From the Department of General Surgery, McGill University Health Centre, Montreal, Que. (Alnasser); the Department of Epidemiology and Biostatistics – Cancer Epidemiology, McGill University, Montreal, Que. (Agnihotram, Franco); and the Ringgold Standard Institution – Gastroenterology, McGill University Health Centre, Montréal, Que. (Martel, Mayrand, Ferri).
Can J Surg. 2019 Apr 1;62(2):93-99. doi: 10.1503/cjs.008716.
BACKGROUND: It is unknown why some cases of Barrett’s esophagus progress to invasive malignant disease rapidly while others do so more slowly or not at all. The aim of this study was to identify demographic and endoscopic factors that predict dysplastic and neoplastic progression in patients with Barrett’s esophagus. METHODS: Patients with Barrett’s esophagus who were assessed in 2000–2010 were assessed for inclusion in this retrospective study. Demographic and endoscopic variables were collected from an endoscopy database and the medical chart. Dysplastic and neoplastic progression was examined by time-to-event analysis. We used Cox proportional hazard regression modelling and generalized estimating equation methods to identify variables that were most predictive of neoplastic progression. RESULTS: A total of 518 patients had Barrett’s esophagus confirmed by endoscopy and pathology and at least 2 surveillance visits. Longer Barrett’s esophagus segment (≥ 3 cm) (odds ratio [OR] 1.2, 95% confidence interval [CI] 1.1–1.3) and increased age (≥ 60 yr) (OR 3.5, 95% CI 1.7–7.4) were independent predictors of progression from nondysplasia to dysplastic or neoplastic grades. Presence of mucosal irregularities (OR 8.6, 95% CI 2.4–30.4) and increased age (OR 5.1, 95% CI 1.6–16.6) were independent predictors of progression from nondysplasia to high-grade dysplasia or adenocarcinoma. CONCLUSION: Increased age, longer Barrett’s segment and presence of mucosal irregularities were associated with increased risk of dysplastic and neoplastic progression. In addition to dysplasia, these factors may help stratify patients according to risk of neoplastic progression and be used to individualize surveillance. More prospective studies with larger samples are required to validate these results.

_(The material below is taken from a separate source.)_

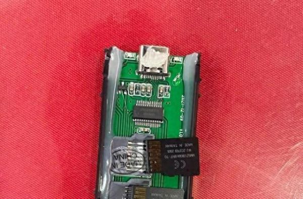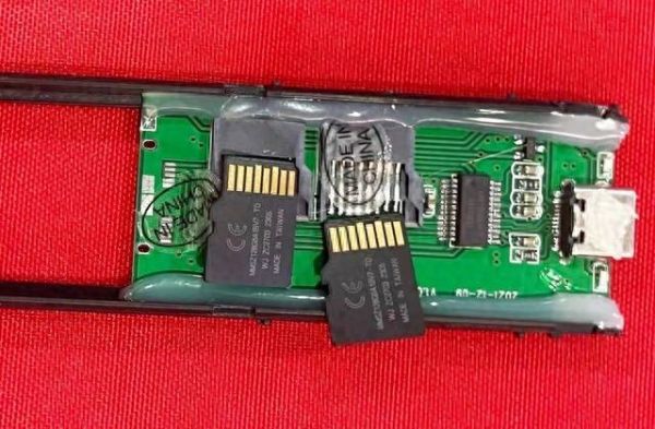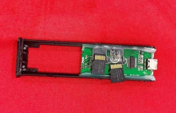 从上图看,这是用M.2固态硬盘盒改造而来的,拆去外壳,内部框架用热熔胶粘着一块绿色的PCB,上面没有常见的那几个型号的NVMe/SATA主控芯片和M.2插槽,但是赫然出现了两个MicroSD卡(也就是TF)卡座,外加一个TSOP古老封装的主控芯片,这是什么操作?我们知道,常见的MicroSD卡读取速度在100MB/s左右,写入速度也就几十个MB/s,即使把两个TF卡槽做成RAID0,写入速度也就是100多MB/s。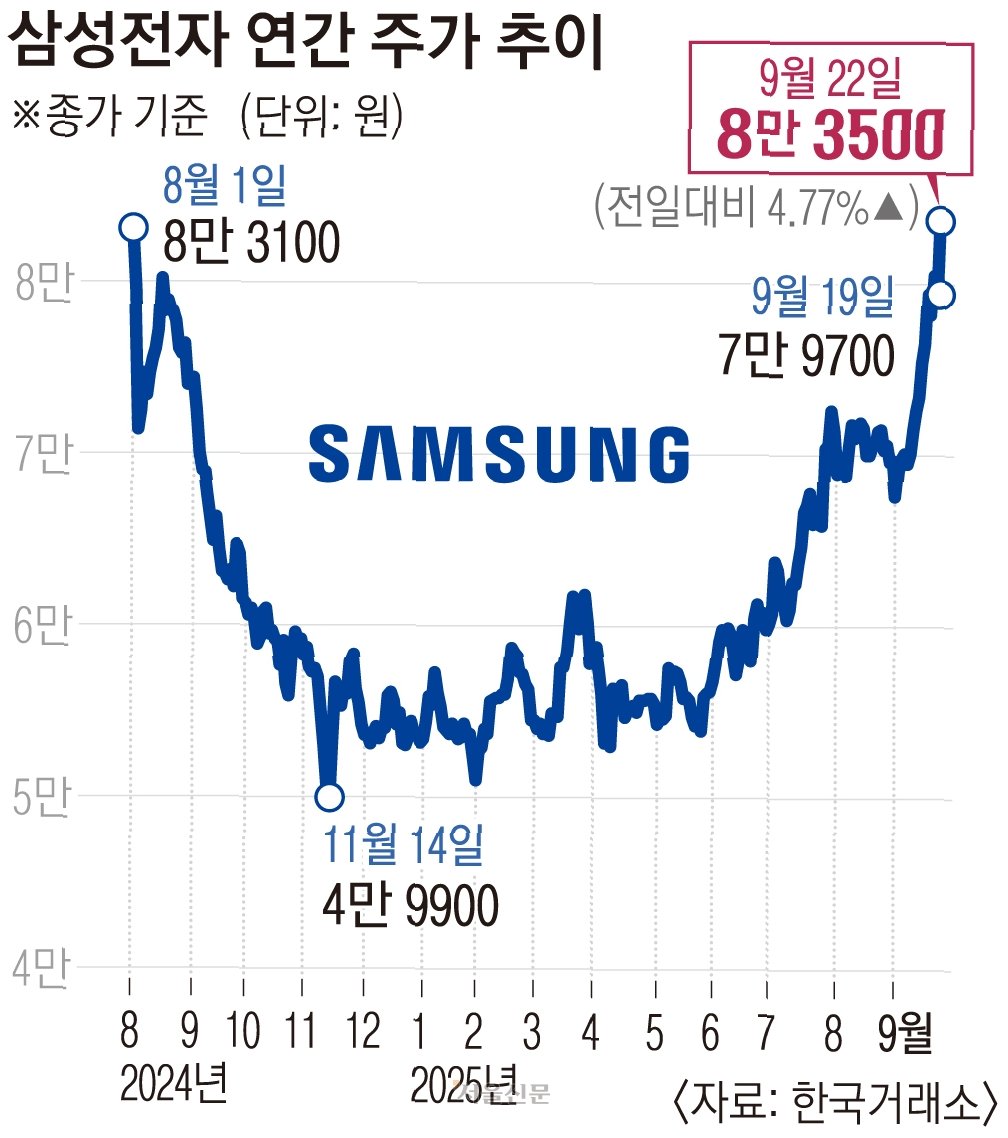 시장조사업체 카운터포인트리서치는 삼성전자가 3분기 전 세계 메모리 시장 1위를 탈환했다고 전했습니다. 삼성전자는 이 기간 194억달러 매출을 올리면서 175조원을 기록한 SK하이닉스를 제치고 선두를 차지했습니다. 향후 사업에도 청신호가 켜진 상태. 삼성전자는 지난 7월 테슬라와 23조원 규모의 역대 최대 파운드리(반도체 위탁생산) 공급계약을 체결했습니다. 애플과는 아이폰용 이미지센서로 추정되는 칩 공급계약을 맺었습니다. 오픈AI가 추진하는 약 700조원대 AI 프로젝트 '스타게이트'에도 힘을 보탭니다.

背景:目前尚不清楚为什么有些巴雷特食管病例会迅速进展为侵袭性恶性疾病,而有些则进展缓慢或根本不会进展。本研究旨在确定预测巴雷特食管患者发生异型增生和肿瘤进展的人口统计学和内镜因素。
方法:对 2000 年至 2010 年进行评估的巴雷特食管患者进行了回顾性研究。从内镜数据库和病历中收集了人口统计学和内镜变量。通过生存时间分析来评估异型增生和肿瘤进展。我们使用 Cox 比例风险回归模型和广义估计方程方法来确定最能预测肿瘤进展的变量。
结果:共有 518 例患者经内镜和病理检查证实存在巴雷特食管,并至少进行了 2 次监测。较长的巴雷特食管段(≥3cm)(比值比[OR]1.2,95%置信区间[CI]1.1-1.3)和年龄较大(≥60 岁)(OR 3.5,95%CI 1.7-7.4)是从非异型增生进展为异型增生或肿瘤级别的独立预测因素。黏膜不规则(OR 8.6,95%CI 2.4-30.4)和年龄较大(OR 5.1,95%CI 1.6-16.6)是从非异型增生进展为高级别异型增生或腺癌的独立预测因素。
结论:年龄较大、巴雷特食管段较长和黏膜不规则与异型增生和肿瘤进展的风险增加相关。除了异型增生,这些因素可能有助于根据肿瘤进展的风险对患者进行分层,并用于个体化监测。需要进行更多的前瞻性研究,以验证这些结果。